TASK TO COMPLETE: What are the lines below, starting at the line containing "This bingo card" and ending at the line containing "Built on a low‑profile, wide"? Write them out exactly, ends included, without pictures.

┌─ SUPPLIED INFORMATION

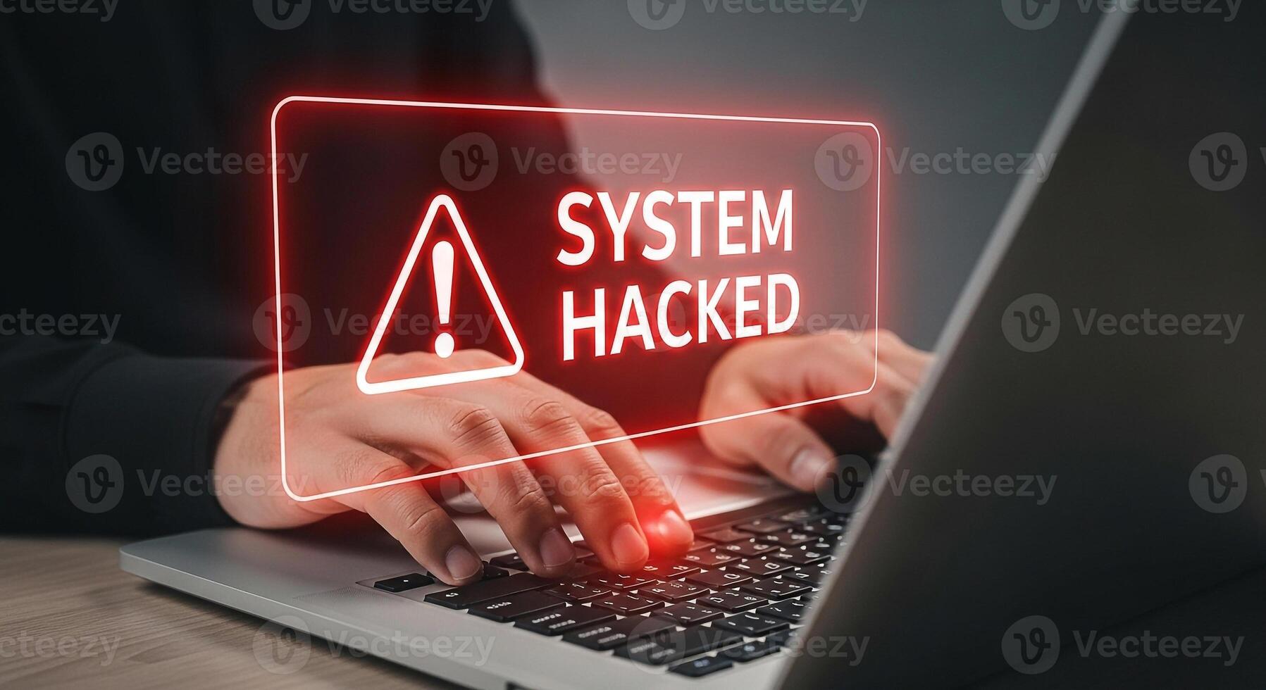 Person using laptop computer experiencing a system hack alert a digital security breach on screen urgent cybersecurity concept image Pro Photo
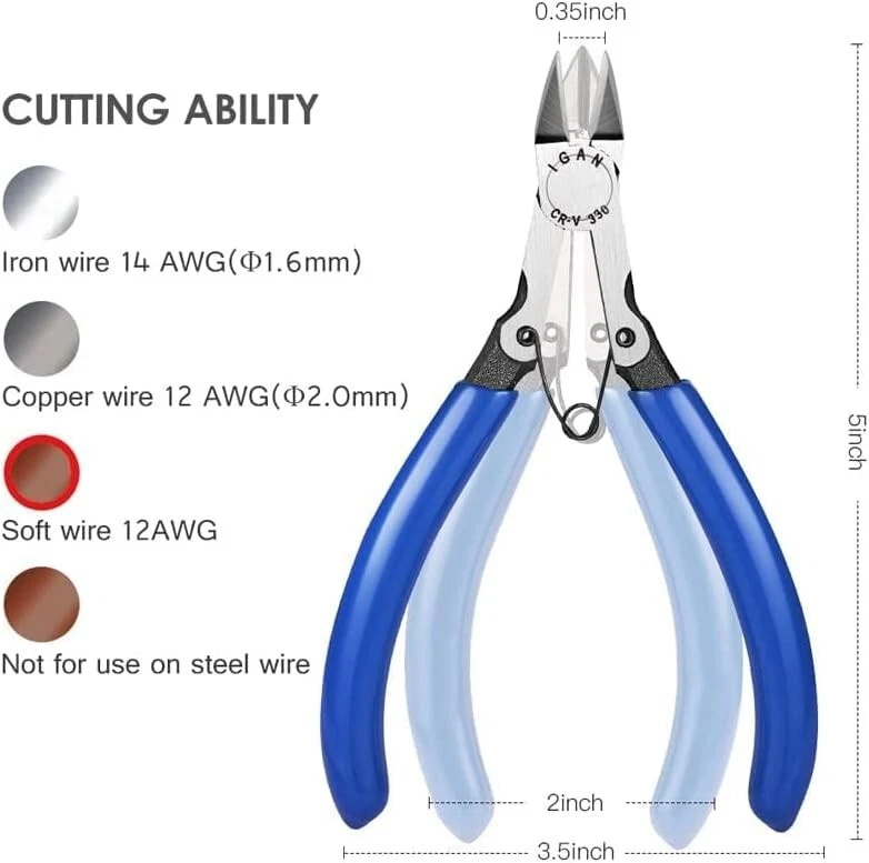 PRECISION AND DURABILITY: Crafted for exacting precision, our flush cutters and wire cutters electrical are the epitome of durability. Featuring a 13mm long upgraded jaw, these flush cutter pliers excel in flush-cutting applications, effortlessly handling up to 14 gauge (1.6mm) copper and soft wires. The hardened chrome vanadium steel construction ensures long-lasting sharpness and strength, perfect for professionals. HIGH-HARDNESS CR-V: Crafted from heat-treated chrome vanadium steel, these flush cutters and wire cutters electrical boast an angled head design and a Rockwell hardness of 60C, ranking them among the most durable small wire cutters available. VERSATILE CUTTING TOOL: Our sprue cutter and side cutters are not just tools but solutions for a wide range of cutting needs. From zip ties to plastic sprues for models, these flush cuts pliers are indispensable for electronics, jewelry wire cutters, and hobbyists engaging in gunpla or model nippers activities. The compact design allows for fast, flush cuts in tight spaces, making every project easier. ERGONOMIC COMFORT: Experience unparalleled comfort and control with our wire snips and small wire cutters. The ergonomically designed non-slip rubber handle offers a comfortable grip, reducing hand fatigue during prolonged use. Ideal for electronics, jewelry making, and more, these cutters ensure precise cuts every time. COMPREHENSIVE CUTTING SOLUTION: Our product lineup, including micro cutter and wire strippers, is designed to meet all your cutting needs. Whether it's for zip tie management with our cable tie cutter or intricate work with micro wire cutters, these tools are perfect for electrical, jewelry making, and detailed model work. Each purchase comes with our 12-month warranty and friendly customer service, ensuring your complete satisfaction.
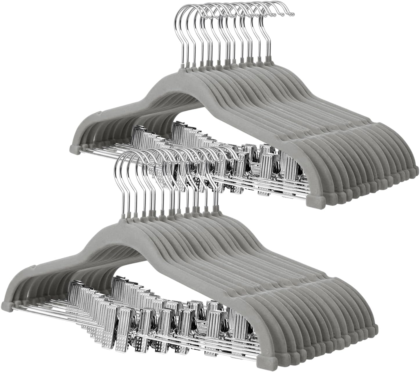 ManGotree Pants Hangers with Movable Clips, Non-Slip Velvet Skirt Hangers, Space-Saving Clothes Hangers for Pants, Skirts, Shirts, Coats, Dresses (32 Pack, Grey)
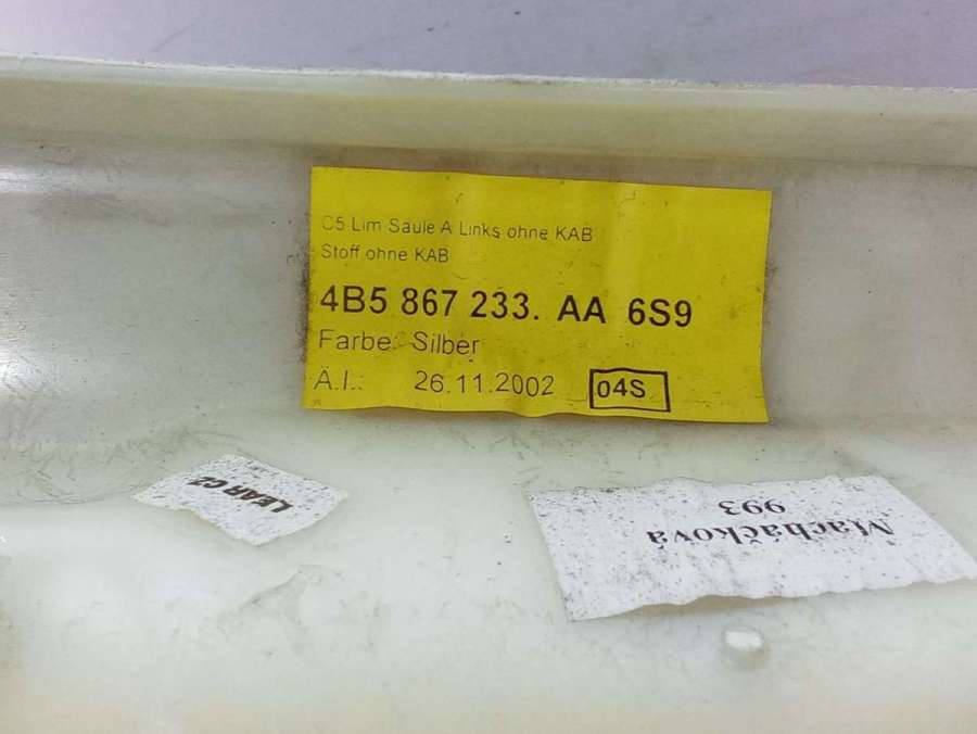 Купить Обшивка стойки передней левой (накладка) Ауди А6 Ц5, А6 С5 (1997 - 2005) на авторазборке для иномарок Europodbor.ru в Новосибирске.
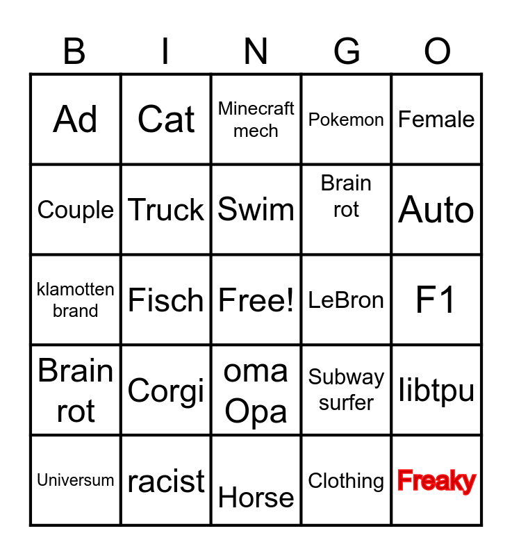 This bingo card has a free space and 49 words: Food, Freaky, Goat, Horse, Corgi, Otter, Cat, Cringe, Couple, Military, Truck, Pokemon, Iibtpu, Subway surfer, Hopeless core, School, Swim, LeBron, Minecraft parkou, Female, Fisch, Clothing, Ad, Brain rot, Katze, Auto, Universum, verdammt Peinlich, oma Opa, Brain rot, goon, ski, snowboard, Nürburgrin, racist, Bastighg, Lattenarsch, Luna, F1, altes meme, i run, bmw, unstable edit, food, klamotten brand, Minecraft mech, tote werbung, craft attack and filow.
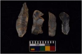 | Description / विवरण | There are n 4 flakes tool; there are multidirectional irregular scar pattern on them; made of short flakes and all four have tapering edges. |
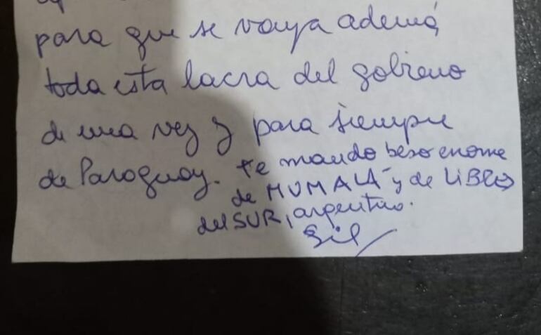 En el texto de las cartas, los remitentes se dirigen a los miembros del EPP como “camaradas” y les brindan su apoyo sobre un supuesto plan de desestabilizar al Gobierno para cumplir con el objetivo de su lucha ideológica. En una de las hojas se puede observar que firman el mensaje supuestamente el grupo feminista argentino “MuMalá” y otra agrupación política socialista del país vecino denominada “Los Libres del Sur”.
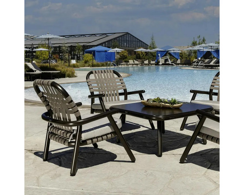 Built on a low‑profile, wide aluminum frame, the Oslo Spa Chair offers grounded stability, especially valuable in high‑wind or exposed outdoor environments. The Suncloth Weave strap construction enhances airflow, dries quickly, and maintains comfort even in heavy‑traffic areas. Its streamlined silhouette brings a sense of order and tranquility to resort decks, wellness spaces, and community pools.
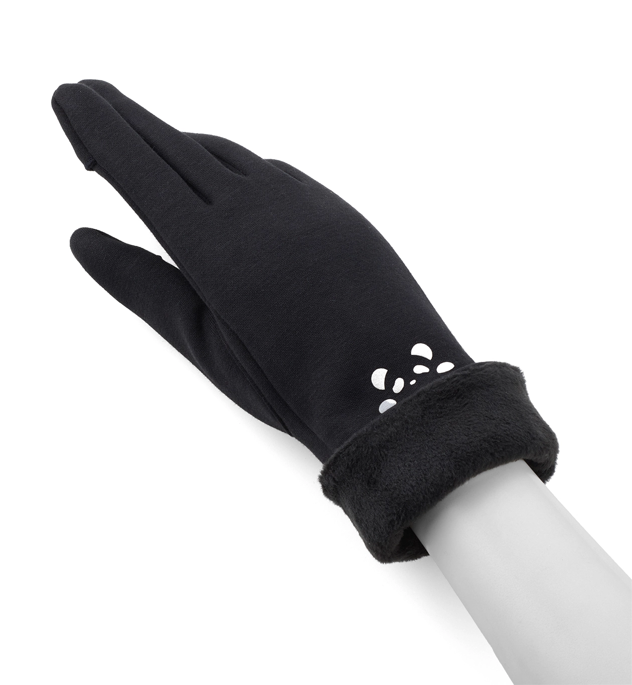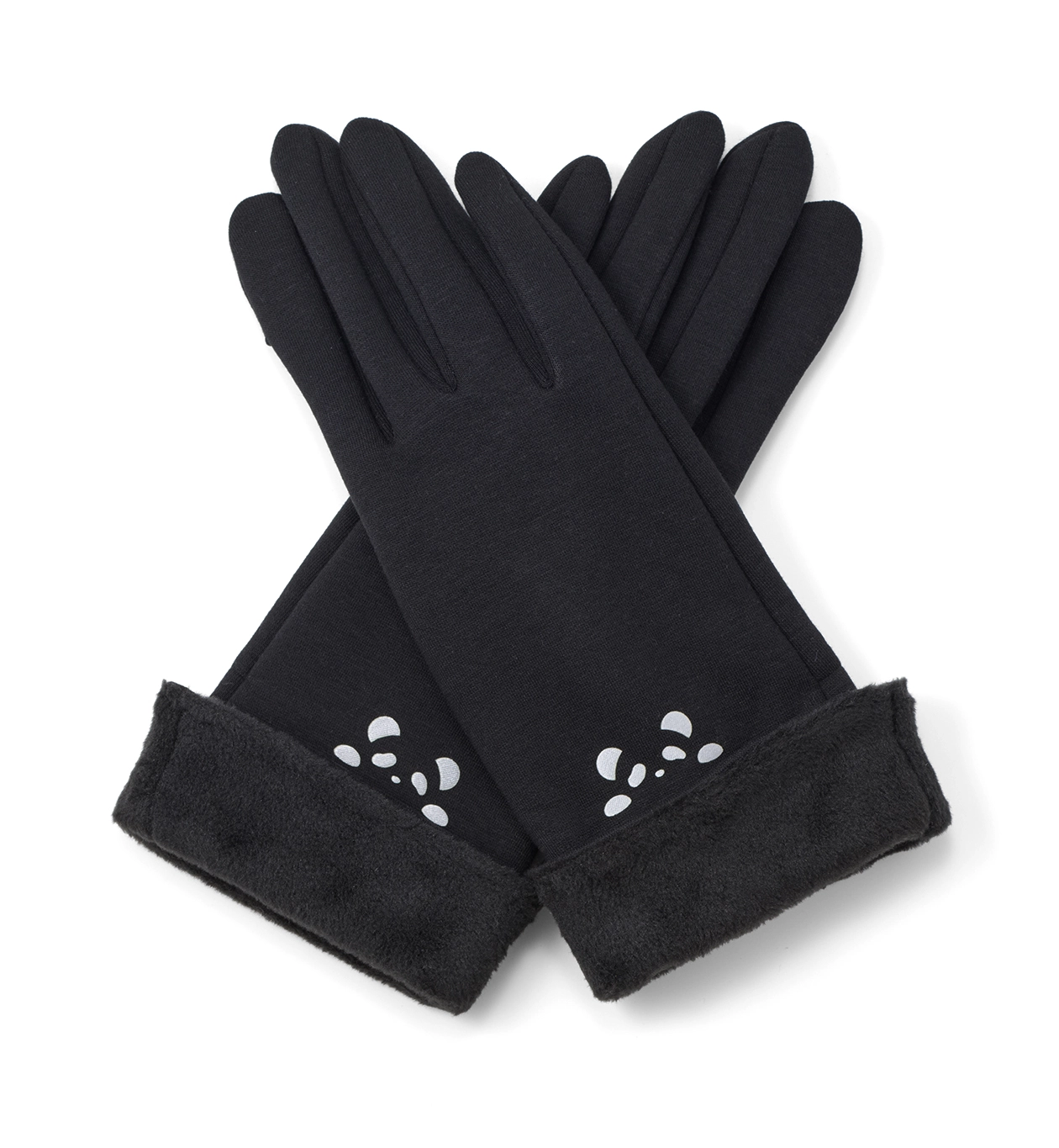 パンダモチーフ付き指先スリットジャージグローブ/ブラック

└─

RESULT FOR THIS TASK:
 This bingo card has a free space and 49 words: Food, Freaky, Goat, Horse, Corgi, Otter, Cat, Cringe, Couple, Military, Truck, Pokemon, Iibtpu, Subway surfer, Hopeless core, School, Swim, LeBron, Minecraft parkou, Female, Fisch, Clothing, Ad, Brain rot, Katze, Auto, Universum, verdammt Peinlich, oma Opa, Brain rot, goon, ski, snowboard, Nürburgrin, racist, Bastighg, Lattenarsch, Luna, F1, altes meme, i run, bmw, unstable edit, food, klamotten brand, Minecraft mech, tote werbung, craft attack and filow.
 | Description / विवरण | There are n 4 flakes tool; there are multidirectional irregular scar pattern on them; made of short flakes and all four have tapering edges. |
 En el texto de las cartas, los remitentes se dirigen a los miembros del EPP como “camaradas” y les brindan su apoyo sobre un supuesto plan de desestabilizar al Gobierno para cumplir con el objetivo de su lucha ideológica. En una de las hojas se puede observar que firman el mensaje supuestamente el grupo feminista argentino “MuMalá” y otra agrupación política socialista del país vecino denominada “Los Libres del Sur”.
 Built on a low‑profile, wide aluminum frame, the Oslo Spa Chair offers grounded stability, especially valuable in high‑wind or exposed outdoor environments. The Suncloth Weave strap construction enhances airflow, dries quickly, and maintains comfort even in heavy‑traffic areas. Its streamlined silhouette brings a sense of order and tranquility to resort decks, wellness spaces, and community pools.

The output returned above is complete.